**EXTRACTED MATERIAL:**
* * * * *

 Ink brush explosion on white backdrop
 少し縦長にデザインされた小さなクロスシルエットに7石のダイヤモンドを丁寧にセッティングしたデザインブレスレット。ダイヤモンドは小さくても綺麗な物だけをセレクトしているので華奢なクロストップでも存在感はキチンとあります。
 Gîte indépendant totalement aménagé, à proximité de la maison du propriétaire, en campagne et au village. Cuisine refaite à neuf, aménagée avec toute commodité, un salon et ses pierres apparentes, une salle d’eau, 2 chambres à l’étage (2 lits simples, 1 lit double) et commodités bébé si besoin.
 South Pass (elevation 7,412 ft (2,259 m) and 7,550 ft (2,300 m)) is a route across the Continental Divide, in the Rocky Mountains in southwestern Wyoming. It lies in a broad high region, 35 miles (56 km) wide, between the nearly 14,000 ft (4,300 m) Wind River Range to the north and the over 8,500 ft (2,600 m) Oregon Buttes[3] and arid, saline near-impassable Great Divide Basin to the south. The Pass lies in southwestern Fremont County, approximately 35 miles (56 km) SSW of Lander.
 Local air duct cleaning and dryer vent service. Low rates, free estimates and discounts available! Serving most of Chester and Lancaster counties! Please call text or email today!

* * * * *

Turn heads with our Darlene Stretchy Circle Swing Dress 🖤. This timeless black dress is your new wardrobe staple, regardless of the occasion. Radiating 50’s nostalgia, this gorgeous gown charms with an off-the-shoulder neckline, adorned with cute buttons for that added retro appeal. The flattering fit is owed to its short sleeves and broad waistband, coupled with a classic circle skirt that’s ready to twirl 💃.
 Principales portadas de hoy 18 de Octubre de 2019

* * * * *

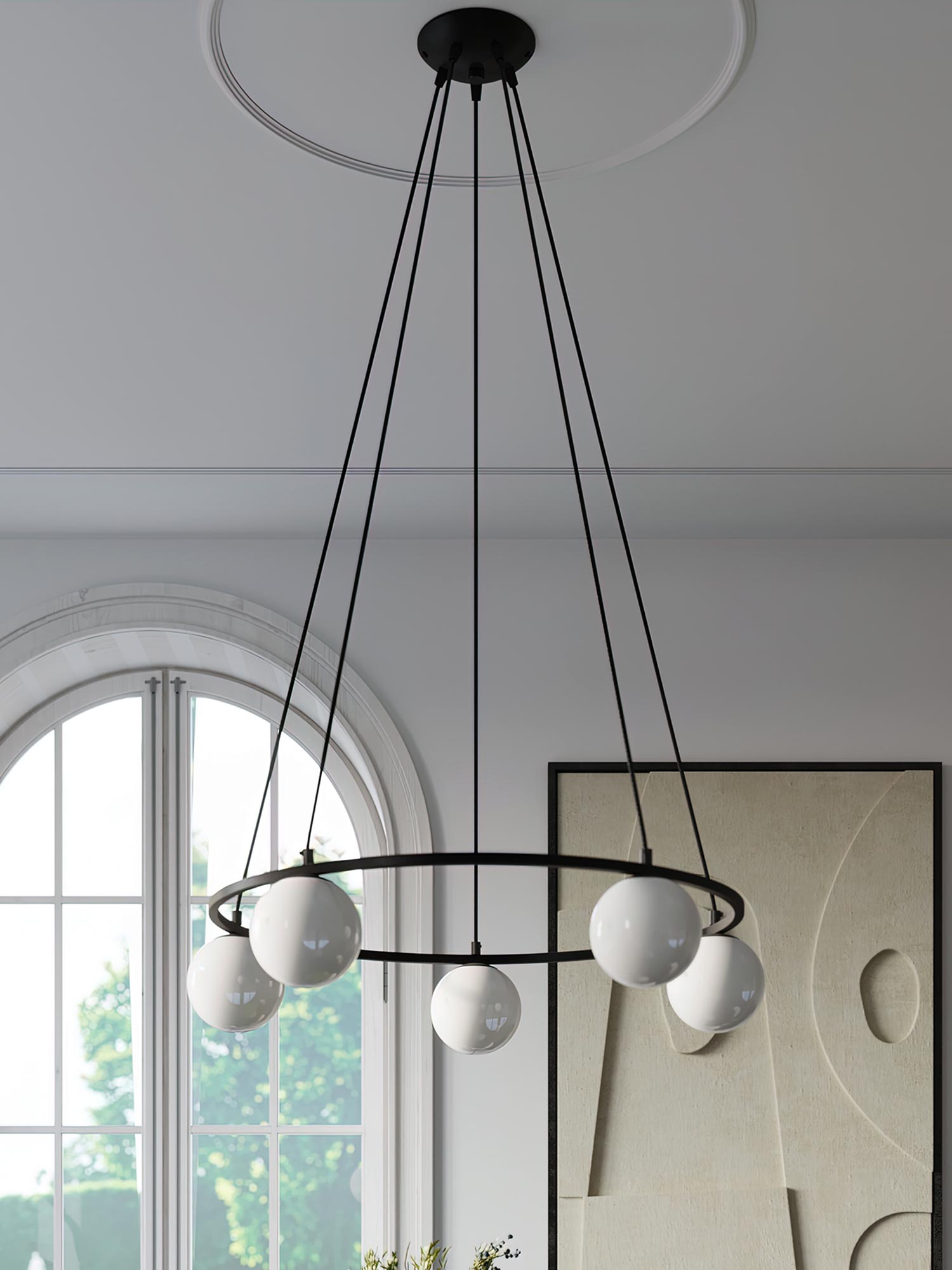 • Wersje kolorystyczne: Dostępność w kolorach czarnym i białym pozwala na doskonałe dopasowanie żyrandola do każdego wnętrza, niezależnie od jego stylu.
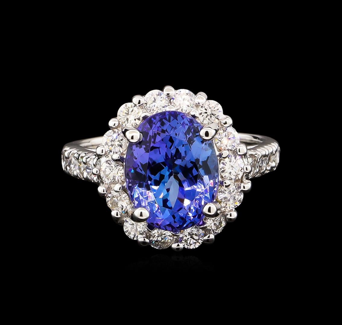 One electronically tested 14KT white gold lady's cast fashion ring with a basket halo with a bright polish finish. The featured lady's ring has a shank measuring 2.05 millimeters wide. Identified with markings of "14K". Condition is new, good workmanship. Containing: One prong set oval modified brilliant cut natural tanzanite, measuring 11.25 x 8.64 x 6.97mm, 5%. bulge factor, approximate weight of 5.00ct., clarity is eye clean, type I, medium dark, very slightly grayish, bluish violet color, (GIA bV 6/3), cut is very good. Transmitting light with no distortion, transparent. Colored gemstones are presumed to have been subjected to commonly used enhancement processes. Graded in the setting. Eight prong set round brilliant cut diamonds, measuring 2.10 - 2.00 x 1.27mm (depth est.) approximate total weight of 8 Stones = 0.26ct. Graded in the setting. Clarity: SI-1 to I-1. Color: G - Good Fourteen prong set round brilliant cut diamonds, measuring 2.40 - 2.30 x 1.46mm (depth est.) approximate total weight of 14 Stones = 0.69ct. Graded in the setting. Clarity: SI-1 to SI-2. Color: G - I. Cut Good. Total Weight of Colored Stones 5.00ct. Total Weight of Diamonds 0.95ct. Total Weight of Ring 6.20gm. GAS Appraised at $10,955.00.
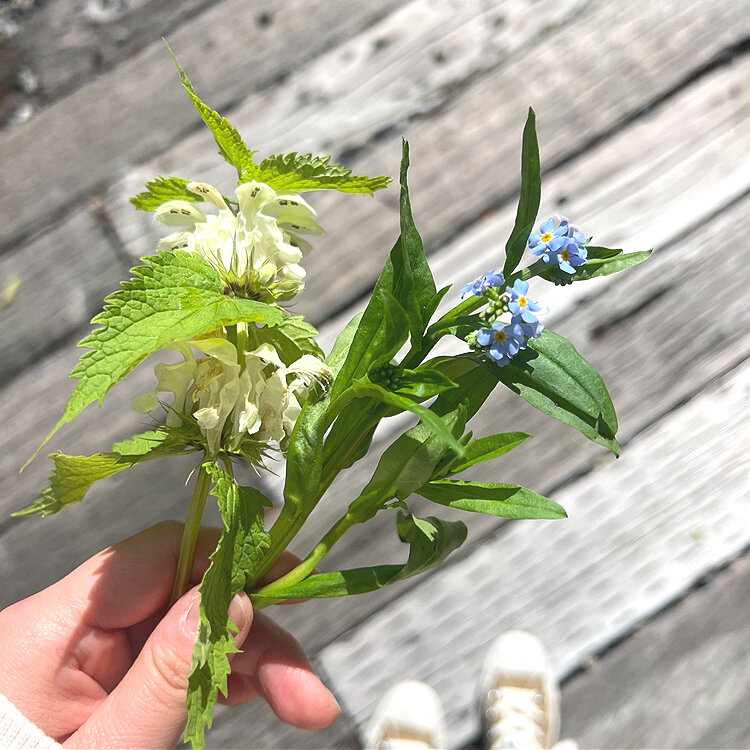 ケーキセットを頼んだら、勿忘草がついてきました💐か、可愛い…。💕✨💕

* * * * *

Among the lines above, repeat exactly those from the line with "Ink brush explosion on white backdrop" to the line with "Local air duct", counting both ends.

**EXPECTED ANSWER:**
 Ink brush explosion on white backdrop
 少し縦長にデザインされた小さなクロスシルエットに7石のダイヤモンドを丁寧にセッティングしたデザインブレスレット。ダイヤモンドは小さくても綺麗な物だけをセレクトしているので華奢なクロストップでも存在感はキチンとあります。
 Gîte indépendant totalement aménagé, à proximité de la maison du propriétaire, en campagne et au village. Cuisine refaite à neuf, aménagée avec toute commodité, un salon et ses pierres apparentes, une salle d’eau, 2 chambres à l’étage (2 lits simples, 1 lit double) et commodités bébé si besoin.
 South Pass (elevation 7,412 ft (2,259 m) and 7,550 ft (2,300 m)) is a route across the Continental Divide, in the Rocky Mountains in southwestern Wyoming. It lies in a broad high region, 35 miles (56 km) wide, between the nearly 14,000 ft (4,300 m) Wind River Range to the north and the over 8,500 ft (2,600 m) Oregon Buttes[3] and arid, saline near-impassable Great Divide Basin to the south. The Pass lies in southwestern Fremont County, approximately 35 miles (56 km) SSW of Lander.
 Local air duct cleaning and dryer vent service. Low rates, free estimates and discounts available! Serving most of Chester and Lancaster counties! Please call text or email today!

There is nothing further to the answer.